Exercise instructions:
The response should consist solely of the lines running from the line with "datalink_wifi.py python3 datalink_wifi.py用键盘控制无人机指令如下:第1页共2页" to the end of the data, retyped exactly.

═══ Exercise input ═══

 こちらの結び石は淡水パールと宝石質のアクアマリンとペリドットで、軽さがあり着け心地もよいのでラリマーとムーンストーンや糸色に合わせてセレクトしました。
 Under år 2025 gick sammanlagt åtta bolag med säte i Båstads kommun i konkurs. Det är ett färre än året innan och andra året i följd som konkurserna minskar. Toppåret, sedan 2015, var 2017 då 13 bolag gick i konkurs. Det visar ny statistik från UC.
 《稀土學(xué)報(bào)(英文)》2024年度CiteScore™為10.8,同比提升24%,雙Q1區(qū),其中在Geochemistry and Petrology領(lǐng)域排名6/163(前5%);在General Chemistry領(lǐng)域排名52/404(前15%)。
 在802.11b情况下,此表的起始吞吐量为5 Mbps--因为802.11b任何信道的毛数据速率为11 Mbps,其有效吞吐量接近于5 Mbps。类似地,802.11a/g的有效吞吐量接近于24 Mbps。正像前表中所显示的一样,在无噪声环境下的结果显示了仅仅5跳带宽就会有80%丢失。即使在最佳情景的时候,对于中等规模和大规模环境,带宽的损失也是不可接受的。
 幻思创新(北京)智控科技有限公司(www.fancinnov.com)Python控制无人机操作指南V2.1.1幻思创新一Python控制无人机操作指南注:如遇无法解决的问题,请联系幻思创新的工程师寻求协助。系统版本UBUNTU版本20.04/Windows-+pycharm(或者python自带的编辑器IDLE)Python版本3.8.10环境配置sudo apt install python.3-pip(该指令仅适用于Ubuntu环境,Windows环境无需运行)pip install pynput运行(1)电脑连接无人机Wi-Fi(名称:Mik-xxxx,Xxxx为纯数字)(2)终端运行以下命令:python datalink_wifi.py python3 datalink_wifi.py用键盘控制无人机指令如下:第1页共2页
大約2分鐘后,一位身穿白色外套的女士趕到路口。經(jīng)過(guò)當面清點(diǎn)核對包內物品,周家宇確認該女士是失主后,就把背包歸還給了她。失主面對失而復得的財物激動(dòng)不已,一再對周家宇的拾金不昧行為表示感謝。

═══

Expected answer:
 幻思创新(北京)智控科技有限公司(www.fancinnov.com)Python控制无人机操作指南V2.1.1幻思创新一Python控制无人机操作指南注:如遇无法解决的问题,请联系幻思创新的工程师寻求协助。系统版本UBUNTU版本20.04/Windows-+pycharm(或者python自带的编辑器IDLE)Python版本3.8.10环境配置sudo apt install python.3-pip(该指令仅适用于Ubuntu环境,Windows环境无需运行)pip install pynput运行(1)电脑连接无人机Wi-Fi(名称:Mik-xxxx,Xxxx为纯数字)(2)终端运行以下命令:python datalink_wifi.py python3 datalink_wifi.py用键盘控制无人机指令如下:第1页共2页
大約2分鐘后,一位身穿白色外套的女士趕到路口。經(jīng)過(guò)當面清點(diǎn)核對包內物品,周家宇確認該女士是失主后,就把背包歸還給了她。失主面對失而復得的財物激動(dòng)不已,一再對周家宇的拾金不昧行為表示感謝。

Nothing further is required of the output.